Looking for Mother Lodge
by Rini Rayna
An exploration of intergenerational legacy and nostalgia through family photographs and fragmented personal memories, while coming to terms with migrant subjectivity.
A family portrait with Late Yogmaya Ghosh standing in the centre; year and place unknown.
Courtesy of Abha Ghosh.
“Home is where one starts from.”
– T. S. Eliot
Somewhere between the known and the unknown, lies ‘Mother Lodge’, a plot of land that once included pakka (permanent) and some kaccha (temporary) houses made out of phoos (hay) and bamboo. These were rented out by my great-grandmother, the Late Yogmaya Ghosh to students of the nearby Industrial Training Institute and later to families.
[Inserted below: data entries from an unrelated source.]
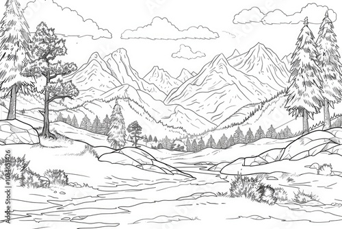 colouring, book, illustration, snowy, landscape, mountain, tree, winter, art, drawing, nature, scenery, holiday, serene, peaceful, creativity, children, fun, entertainment, adventure, vignetting, design, activity, white, blue, pine, graphic, print, lifestyle, beauty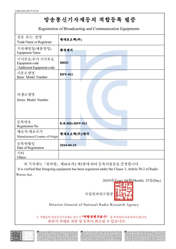 인증서 ENV-021 환경센서_방송통신기자재등의 적합등록필증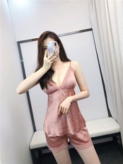 insセクシーシルクスモールチェストパジャマレディースサマーサスペンダーチェストパッドベストショーツツーピースホームサービスかわいい 大人ガーリー スウィート キュート カジュアル 夏物 NEW ランジェリー セクシー ルームウェア18215042363 | Plug Shop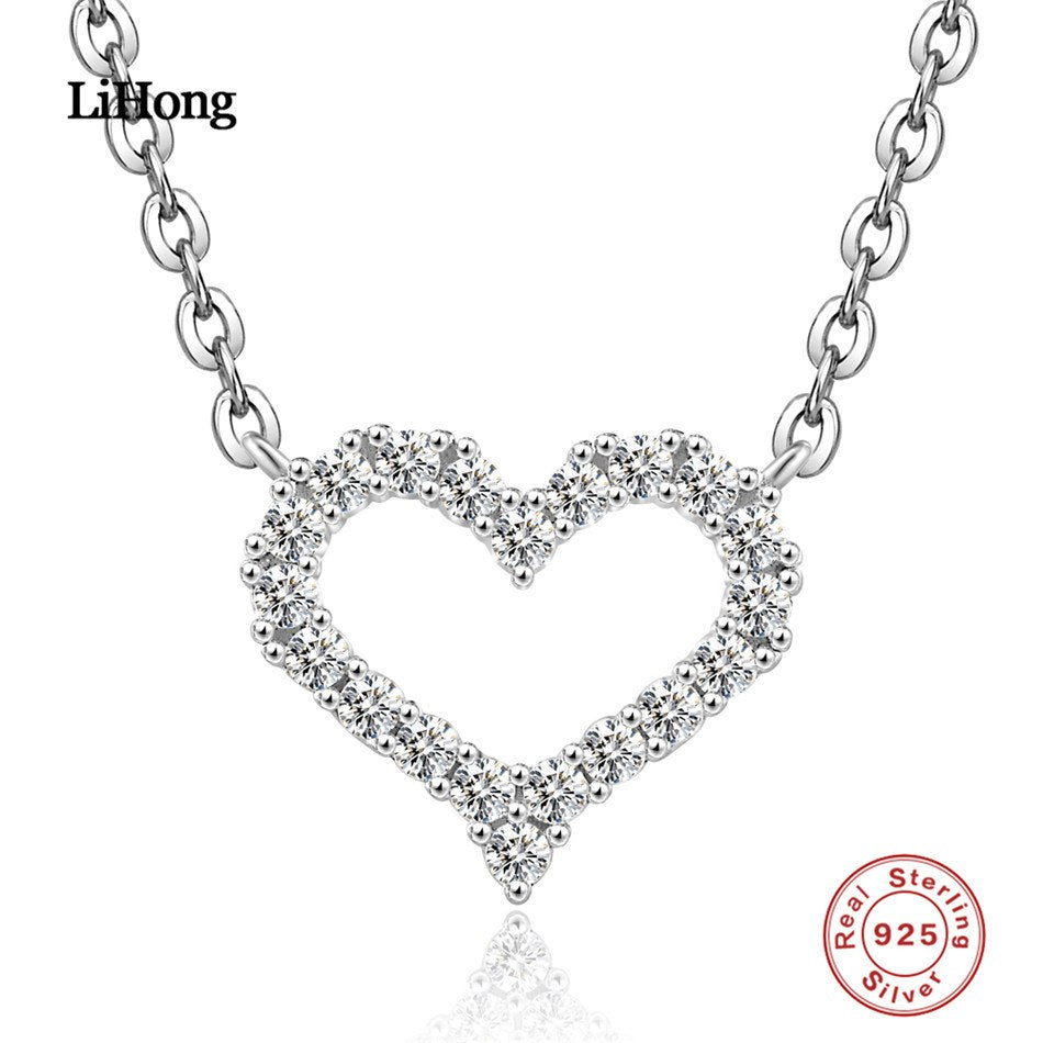 New 925 Sterling Silver Necklace Luxury Heart Pendant AAA Zircons For Women Charm Jewelry

My mother’s paternal home, Mother Lodge in Mirchaibari (Katihar, Bihar), is where several vignettes from the past lay silently entwined in memories, of my own and those borrowed from my family. It is a home where the whiff of the morning chai (tea) being brewed in a kettle is still embedded in my soul—a place where I have always been welcomed with love and warmth. Above all, it is the portal to a landscape steeped in nostalgia, a spatial companion in my mother’s life before she got married and shifted to Bombay (now called Mumbai), the megacity.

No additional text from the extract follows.